Individual-level predictive models for management of postoperative pain
Flagship Program: Intelligent Decision Support to Improve Value and Efficiency
Opioids are a first-line treatment of pain following surgery, but this may be a gateway to opioid misuse and addiction. Over the past decade, opioid misuse and abuse has become a major epidemic crisis in the USA.
Most surgical patients receive opioids regardless of co-morbidities, prior opioid-related problems, or possible drug-drug interactions.
In addition, the success of treatment using opioids is likely to be a complex function of a variety of individual and societal level factors, which are currently not well understood.
This project will use linked claims data – sourced from a de-identified Medicaid (USA) dataset made available by HMS in conjunction with the Digital Health CRC – to gain a deep understanding of patterns of opioid use and prescription, and develop new insights into what constitutes successful treatment.
It will accomplish this utilising novel machine learning methods to extract interpretable patterns and associations in opioid prescribing and use.
Through the project, a PhD student embedded at Stanford University (and co-supervised by the University of Canberra) will work on research addressing the following aims:
- Allow the early identification, education/outreach and monitoring of patients who may be at risk of developing opioid dependency.
- Allow the identification of prescribers who are not necessarily fraudulent (pill mills) but show patterns of careless or outdated overprescribing, and thus contribute to patients’ opioid misuse disorders. Identification of these prescribers will allow educational outreach and the monitoring of providers who create excess risk.
- Use analytic modeling to determine the characteristics of successful treatment that can inform the development of evidence-based treatment regimens.
- Allow the early identification of patients with a history of opioid misuse disorders who have a period of abstinence but then relapse into a pattern of addiction. This will enable more focused outreach, education and monitoring for patients with higher risk.

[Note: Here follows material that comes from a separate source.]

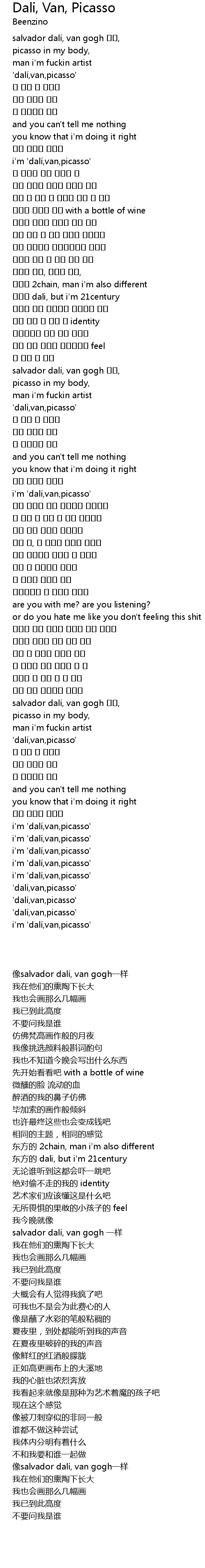 | [03:23.010] | i' m ' dali, van, picasso' |

The research undertaken will incorporate the following tasks:
- Understand the nature and trends of pain management following major elective surgery (including dental) – including defining, understanding and measuring the extent of opioid misuse and abuse in the population and across different sub-populations (eg. racial/ethnic categories, gender, and other social determinants for health whenever available). This includes understanding the use of alternative pain management strategies, multimodal regimes, and opioid use (including pre-, peri-, and post-operative use).
- Develop individual-level models to predict the risk of developing an adverse pain outcome. Outcomes of interest will include the first episode of opioid misuse, prolonged opioid use, opioid misuse/abuse, and 30-day readmissions. The models will include opioid tolerance, mental health status and other known associated patient and clinical risk factors.

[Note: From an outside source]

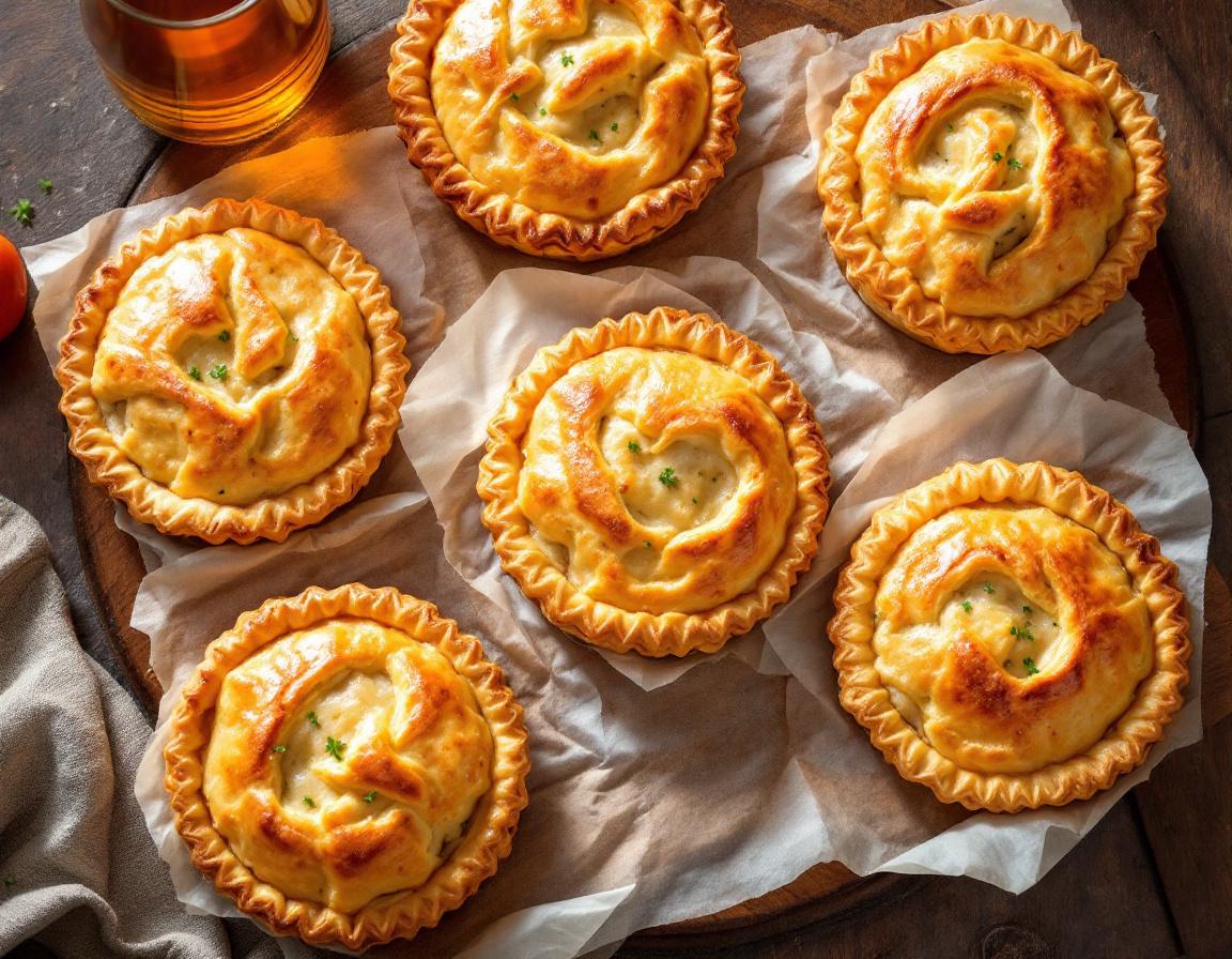 Круглые пирожки с курицей и картофелем в нежном тесте.

- Develop personalised treatment regimens for postoperative pain management that yield higher quality of life outcomes. Using artificial intelligence technologies, the project team will identify the best pain management strategies for diverse patient populations.
- Develop predictive models for the identification of providers (via reviews of opioid prescribing claims) who have at-risk opioid prescribing patterns and may be creating excess risk for their patients, using machine learning methods to identify opioid prescribing patterns associated with opioid misuse.
This project is highly relevant to a range of stakeholders, both in Australia and overseas.
While the findings and the delivered machine learning tools will be specific to the Medicaid (USA) population, the methodology will be easily portable to the Australian setting.
This project will use linked claims data to gain a deep understanding of patterns of opioid use and prescription as well as developing new insights in what constitutes successful treatment.